→ **Aim of the task**
Nothing but the lines below from the one with "Carte graphique: Gtx" through the one with "Насос опрессовочный ручной" should be output, each exactly as given, and no pictures.

→ **Study material**
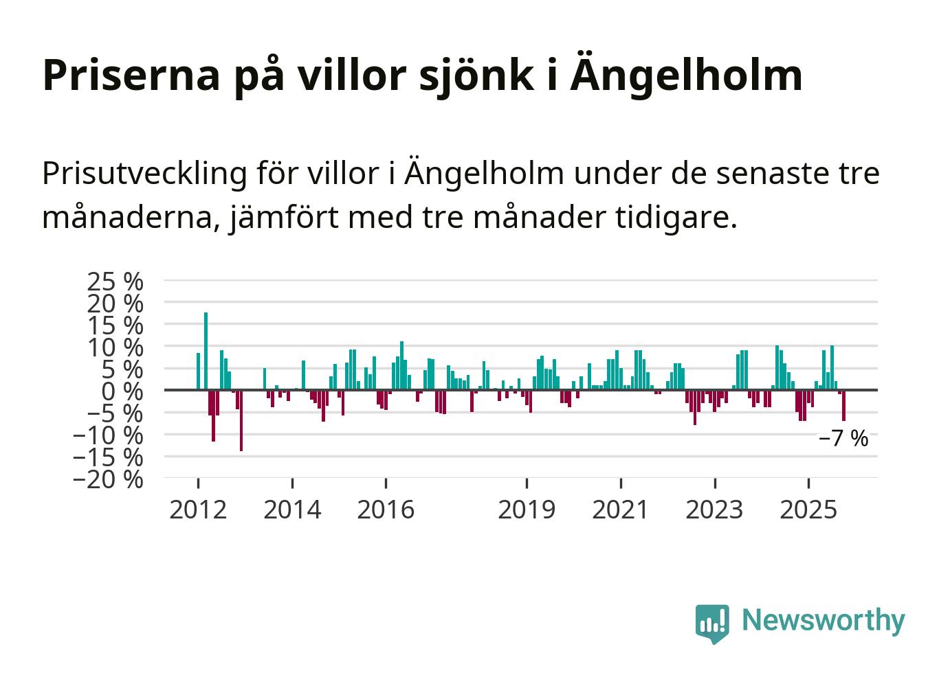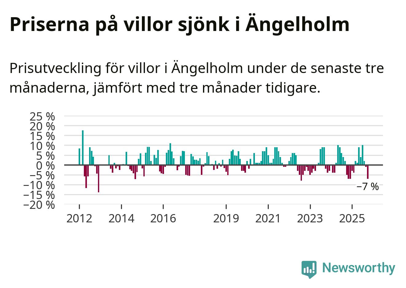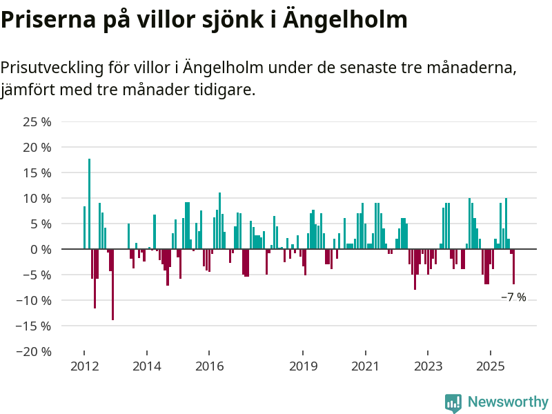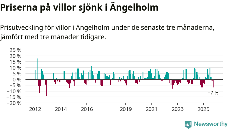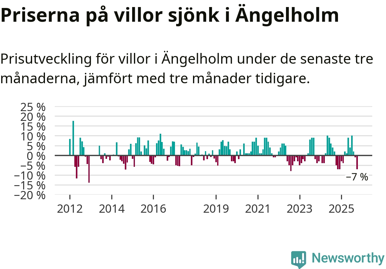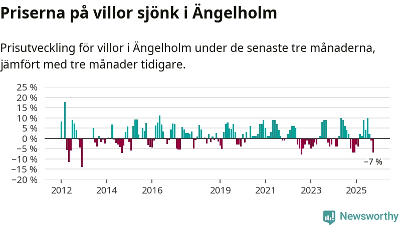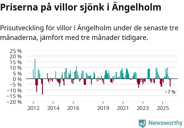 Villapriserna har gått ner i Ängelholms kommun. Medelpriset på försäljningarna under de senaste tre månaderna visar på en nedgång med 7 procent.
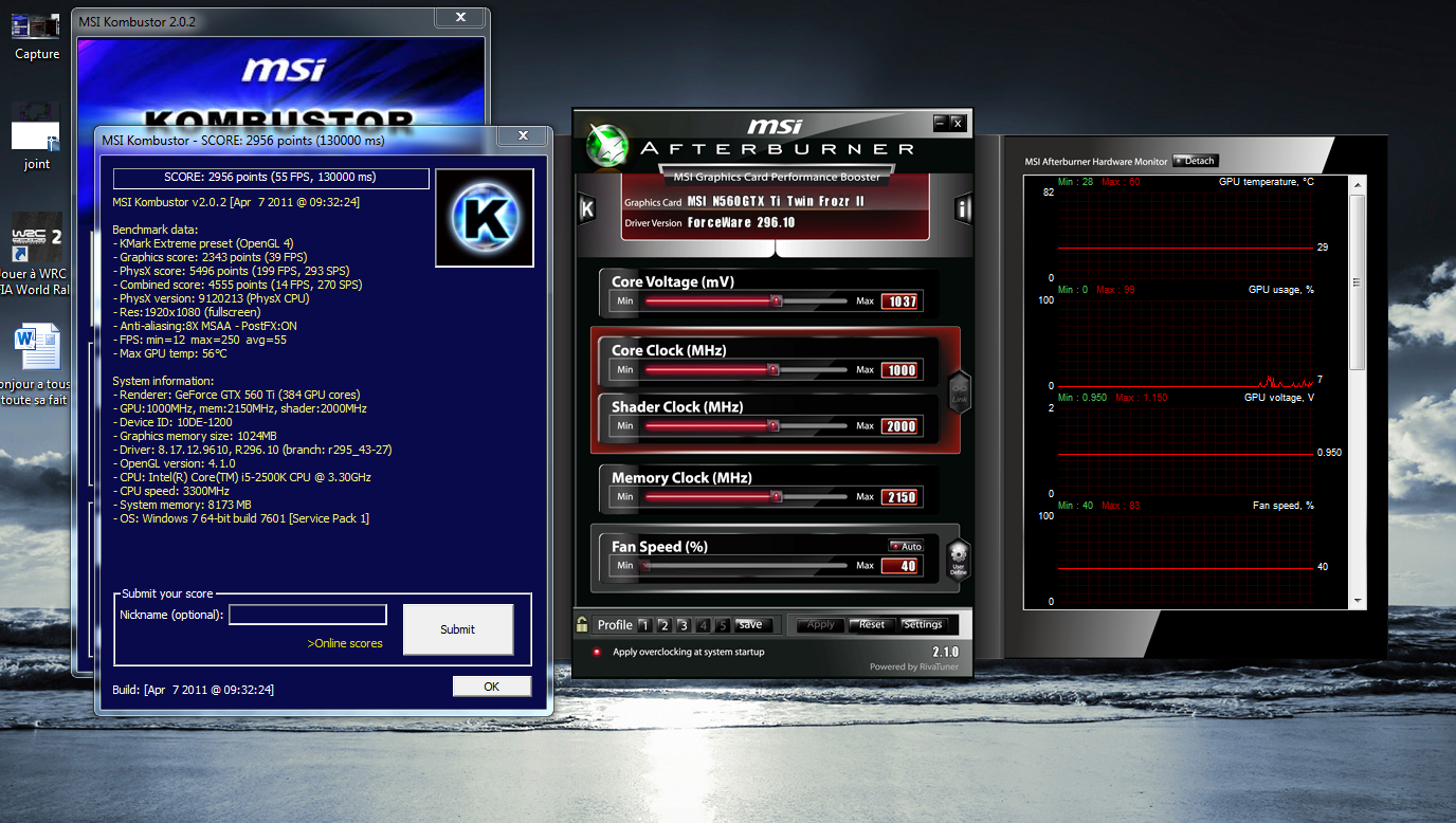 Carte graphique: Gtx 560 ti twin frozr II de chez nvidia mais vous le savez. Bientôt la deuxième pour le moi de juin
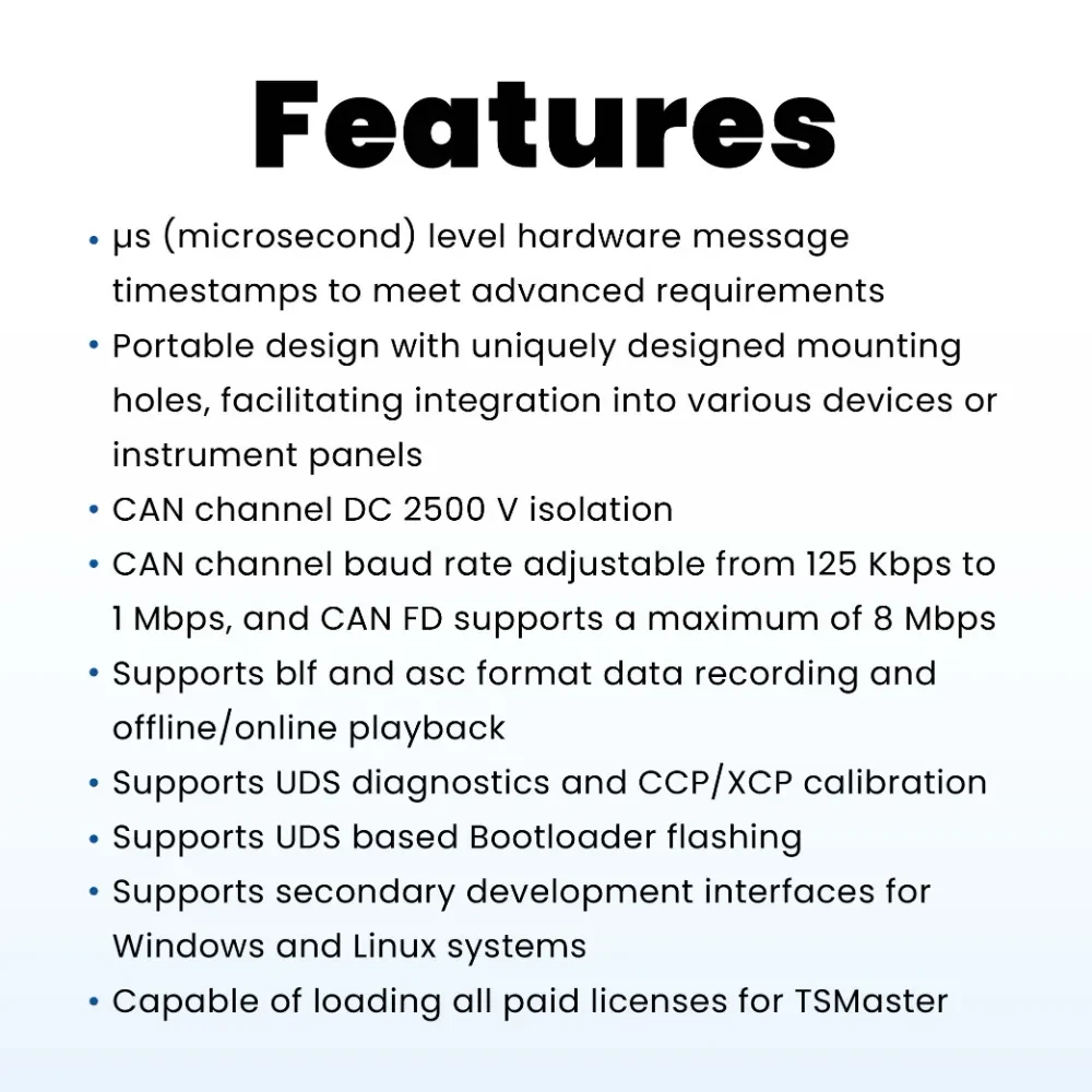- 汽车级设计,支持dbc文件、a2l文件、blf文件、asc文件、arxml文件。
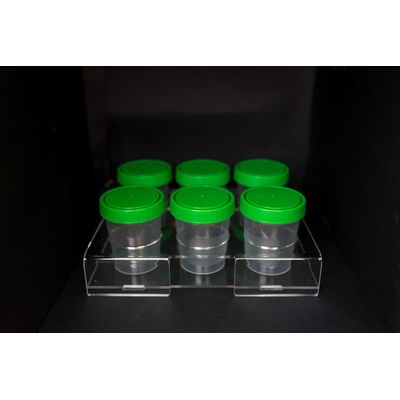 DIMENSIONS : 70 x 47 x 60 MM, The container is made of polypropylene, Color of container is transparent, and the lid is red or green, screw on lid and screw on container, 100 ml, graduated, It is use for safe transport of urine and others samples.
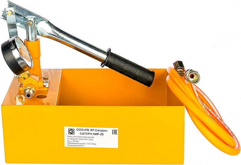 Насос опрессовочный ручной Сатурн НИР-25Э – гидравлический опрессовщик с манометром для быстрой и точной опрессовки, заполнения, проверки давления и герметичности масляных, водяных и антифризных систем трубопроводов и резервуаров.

---

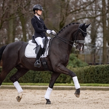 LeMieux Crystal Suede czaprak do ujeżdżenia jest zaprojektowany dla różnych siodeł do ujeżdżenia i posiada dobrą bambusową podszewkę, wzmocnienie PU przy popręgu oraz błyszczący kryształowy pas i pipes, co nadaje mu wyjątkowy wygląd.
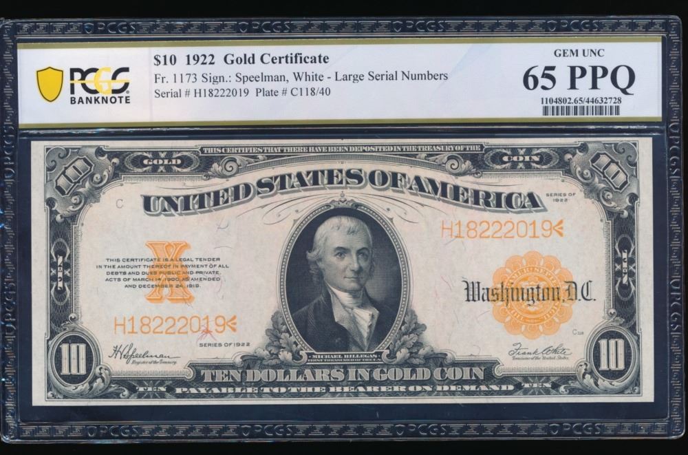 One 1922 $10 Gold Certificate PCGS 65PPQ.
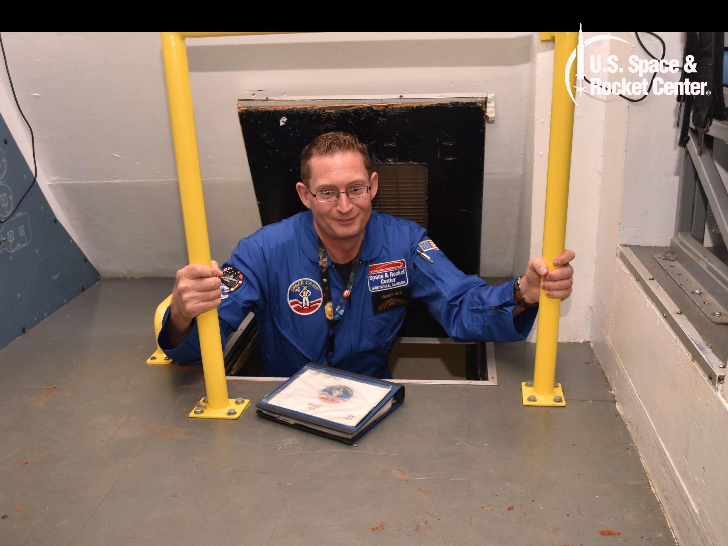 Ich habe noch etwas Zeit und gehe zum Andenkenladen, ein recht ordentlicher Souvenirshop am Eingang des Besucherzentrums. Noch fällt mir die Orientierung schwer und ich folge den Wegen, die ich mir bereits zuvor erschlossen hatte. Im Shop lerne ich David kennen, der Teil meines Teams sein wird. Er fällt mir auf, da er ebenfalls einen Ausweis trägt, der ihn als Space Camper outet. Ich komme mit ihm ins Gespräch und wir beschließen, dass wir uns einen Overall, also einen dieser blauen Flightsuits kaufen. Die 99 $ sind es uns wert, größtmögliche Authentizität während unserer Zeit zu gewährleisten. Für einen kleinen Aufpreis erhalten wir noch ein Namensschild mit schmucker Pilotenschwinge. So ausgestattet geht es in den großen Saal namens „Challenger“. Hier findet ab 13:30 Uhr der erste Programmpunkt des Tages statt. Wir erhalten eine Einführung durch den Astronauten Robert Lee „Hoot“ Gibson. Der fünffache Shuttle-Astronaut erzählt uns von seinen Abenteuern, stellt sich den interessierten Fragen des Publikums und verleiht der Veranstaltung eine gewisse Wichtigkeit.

...

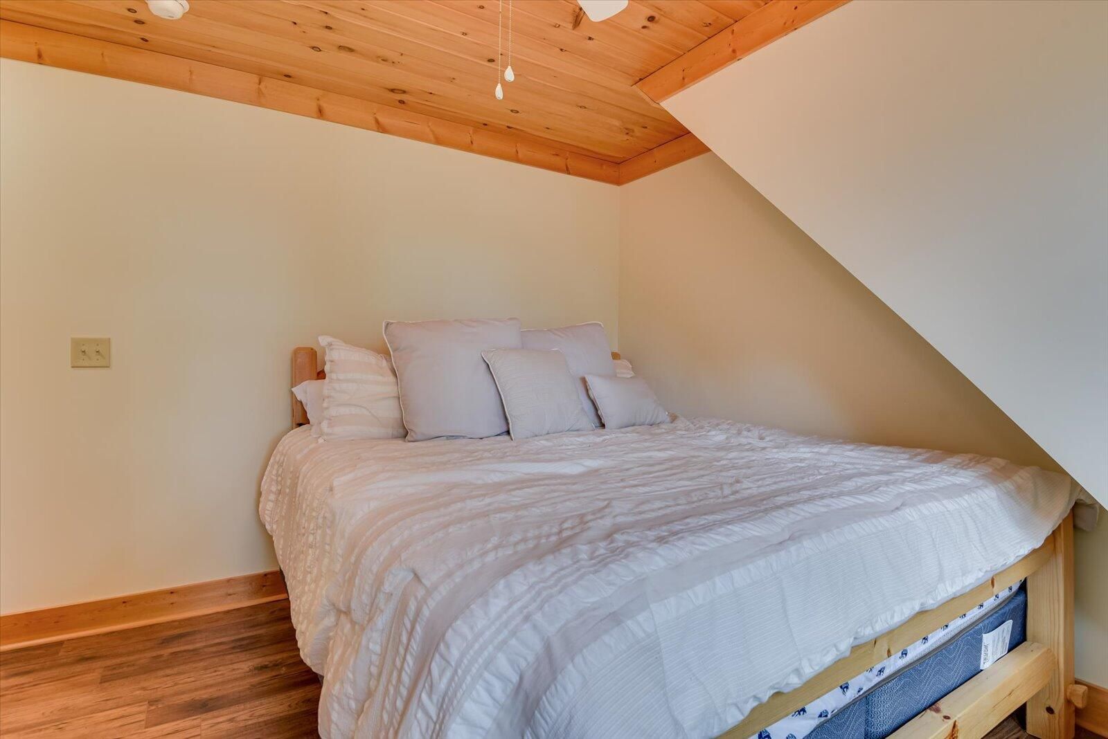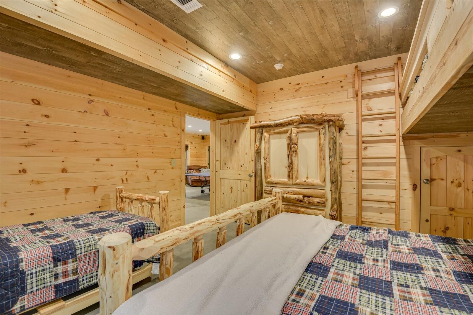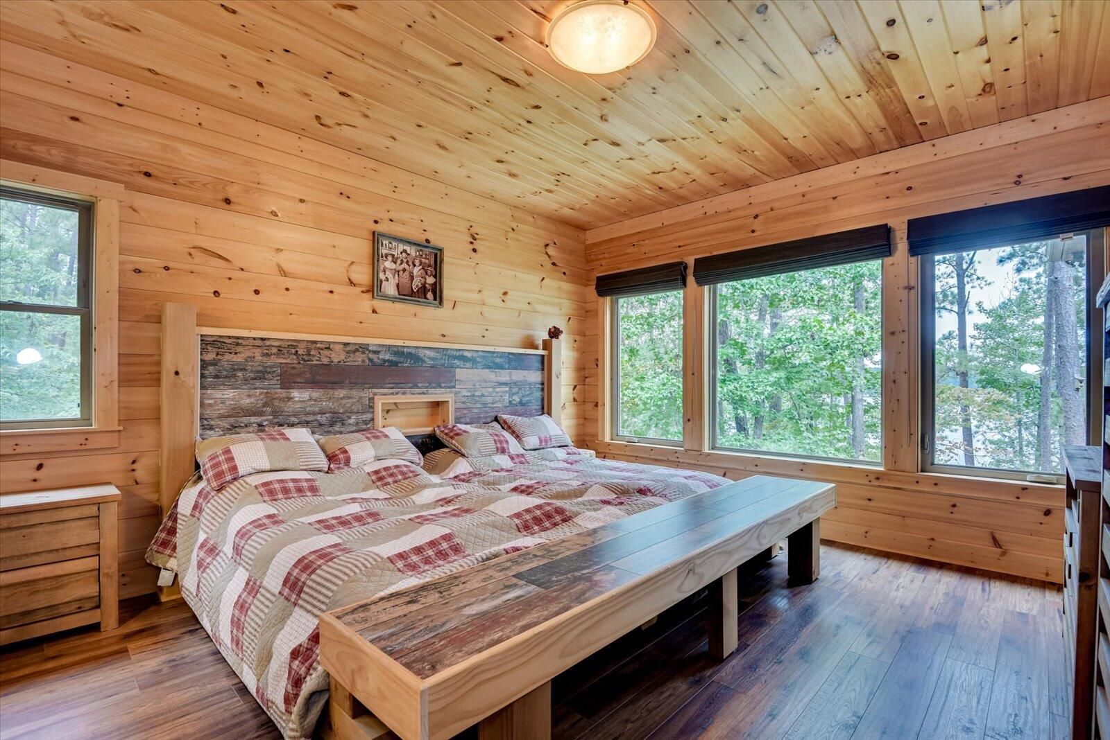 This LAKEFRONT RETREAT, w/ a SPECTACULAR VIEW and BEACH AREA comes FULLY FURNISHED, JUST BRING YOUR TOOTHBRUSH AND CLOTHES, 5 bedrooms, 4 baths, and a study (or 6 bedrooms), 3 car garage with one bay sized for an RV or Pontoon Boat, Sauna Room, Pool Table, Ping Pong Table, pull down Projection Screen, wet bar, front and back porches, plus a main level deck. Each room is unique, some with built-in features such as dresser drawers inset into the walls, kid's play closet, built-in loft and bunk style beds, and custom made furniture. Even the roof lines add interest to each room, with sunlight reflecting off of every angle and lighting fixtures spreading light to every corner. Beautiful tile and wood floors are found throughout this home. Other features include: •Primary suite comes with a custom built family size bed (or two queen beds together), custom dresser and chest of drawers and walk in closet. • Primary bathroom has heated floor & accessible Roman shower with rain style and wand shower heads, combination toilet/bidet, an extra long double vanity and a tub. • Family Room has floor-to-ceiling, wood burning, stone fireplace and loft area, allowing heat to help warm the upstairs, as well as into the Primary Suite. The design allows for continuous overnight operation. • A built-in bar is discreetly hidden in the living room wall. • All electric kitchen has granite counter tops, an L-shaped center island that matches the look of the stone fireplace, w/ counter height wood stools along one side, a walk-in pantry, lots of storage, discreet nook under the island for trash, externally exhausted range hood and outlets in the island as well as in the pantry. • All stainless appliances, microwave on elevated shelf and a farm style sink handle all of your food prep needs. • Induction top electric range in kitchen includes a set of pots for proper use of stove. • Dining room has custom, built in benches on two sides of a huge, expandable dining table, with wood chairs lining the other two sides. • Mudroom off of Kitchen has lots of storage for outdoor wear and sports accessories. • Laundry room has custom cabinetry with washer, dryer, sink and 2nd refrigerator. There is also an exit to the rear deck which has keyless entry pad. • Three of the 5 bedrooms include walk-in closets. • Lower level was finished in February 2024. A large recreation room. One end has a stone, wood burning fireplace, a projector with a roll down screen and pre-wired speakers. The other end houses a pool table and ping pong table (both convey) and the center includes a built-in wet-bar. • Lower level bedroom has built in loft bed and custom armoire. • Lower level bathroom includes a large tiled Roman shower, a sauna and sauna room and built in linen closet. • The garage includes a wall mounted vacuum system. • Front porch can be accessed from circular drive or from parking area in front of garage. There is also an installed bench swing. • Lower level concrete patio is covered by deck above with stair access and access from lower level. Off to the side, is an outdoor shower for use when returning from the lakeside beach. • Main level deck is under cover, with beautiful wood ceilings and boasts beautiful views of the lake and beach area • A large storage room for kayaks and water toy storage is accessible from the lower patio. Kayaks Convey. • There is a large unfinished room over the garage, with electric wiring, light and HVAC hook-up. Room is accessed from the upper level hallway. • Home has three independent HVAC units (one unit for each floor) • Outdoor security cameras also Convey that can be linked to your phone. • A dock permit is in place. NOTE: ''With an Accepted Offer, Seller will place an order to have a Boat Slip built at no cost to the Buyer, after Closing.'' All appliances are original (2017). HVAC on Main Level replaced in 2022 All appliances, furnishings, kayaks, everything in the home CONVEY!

→ **Response area**
 Carte graphique: Gtx 560 ti twin frozr II de chez nvidia mais vous le savez. Bientôt la deuxième pour le moi de juin
- 汽车级设计,支持dbc文件、a2l文件、blf文件、asc文件、arxml文件。
 DIMENSIONS : 70 x 47 x 60 MM, The container is made of polypropylene, Color of container is transparent, and the lid is red or green, screw on lid and screw on container, 100 ml, graduated, It is use for safe transport of urine and others samples.
 Насос опрессовочный ручной Сатурн НИР-25Э – гидравлический опрессовщик с манометром для быстрой и точной опрессовки, заполнения, проверки давления и герметичности масляных, водяных и антифризных систем трубопроводов и резервуаров.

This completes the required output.